Mondovisione illustrated how significant program trading was when reported that
NYSE indicated that during Jan. 22-25, program trading amounted to 25.2 percent of NYSE average daily volume of 6,135.3 million shares1, or 1,548.1 million program shares traded per day.
Program trading encompasses a wide range of portfolio-trading strategies involving the purchase or sale of a basket of at least 15 stocks with a total value of $1 million or more.
In all markets, program trading by member firms averaged 3,837.5 million shares a day during Jan. 22-25. About 40.3 percent of program trading took place on the NYSE, 0.7 percent in non-U.S. markets and 58.9 percent in other domestic markets, including Nasdaq, the American Stock Exchange and regional markets.
The crazy thing about equity program trading is the process used by many fund managers to trade. It often amounts to creating a spreadsheet detailing the characteristics of the program e.g. number of stocks, sector weights, countries which is then emailed to one or more counterparties.

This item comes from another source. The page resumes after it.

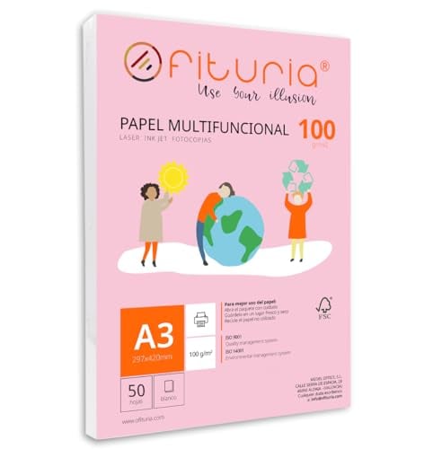 A3 de 120 gr papperstjocklek med 50 vita ark, multifunktionellt skrivarpapper idealiskt för skol- och affärsmiljöer. Perfekt för laserskrivare, injektion eller kopiator. Ofituria

Questions on the trade and related responses are similarly emailed before quotes are received and a decision made. Underlying stock details are then emailed across to the winning bidder and each side uploads it into their respective systems to record and process downstream.
This is ridiculously inefficient and also lacks meaningful transparency.
Bidroute is a venture set up some months ago by some highly respected folks in London, whom I know well. It set out to remedy the current deficiencies by providing a platform that would be “ebay for program trades”. Delivered inside a browser environment, a fund manager simply has to load details of the program and invite offers from counterparties they nominate. All questions and bids are hosted centrally, thereby providing a single focal point for the process [efficiency] and transparency to participants. Moreover, it definitely demonstrates the hunt for best execution.
However, as with any new venture that challenges current practices, it faces enormous obstacles. Upcoming brokers are keen to participate but the top brokers don’t like the idea of transferring opaque business into a transparent environment where they might suffer margin erosion from a competitive auction. Hence they are not “encouraging” clients to participate. Similarly, inertia on the part of fund managers combined with dumbness, means that some firms fail to spot the opportunity to consolidate all those emails in one central place and perceive it as adding to their workload by introducing yet another “destination” that a spreadsheet has to be loaded to.
Most staggering has been the admission by some fund managers that they only send their program trades to one of the big brokers to be priced believing they get a fair price. How this qualifies as satisfying best execution criteria, heaven alone knows.
You would think that this is a no-brainer for fund managers, assuming the commercials were ok. Seems common sense is not so common.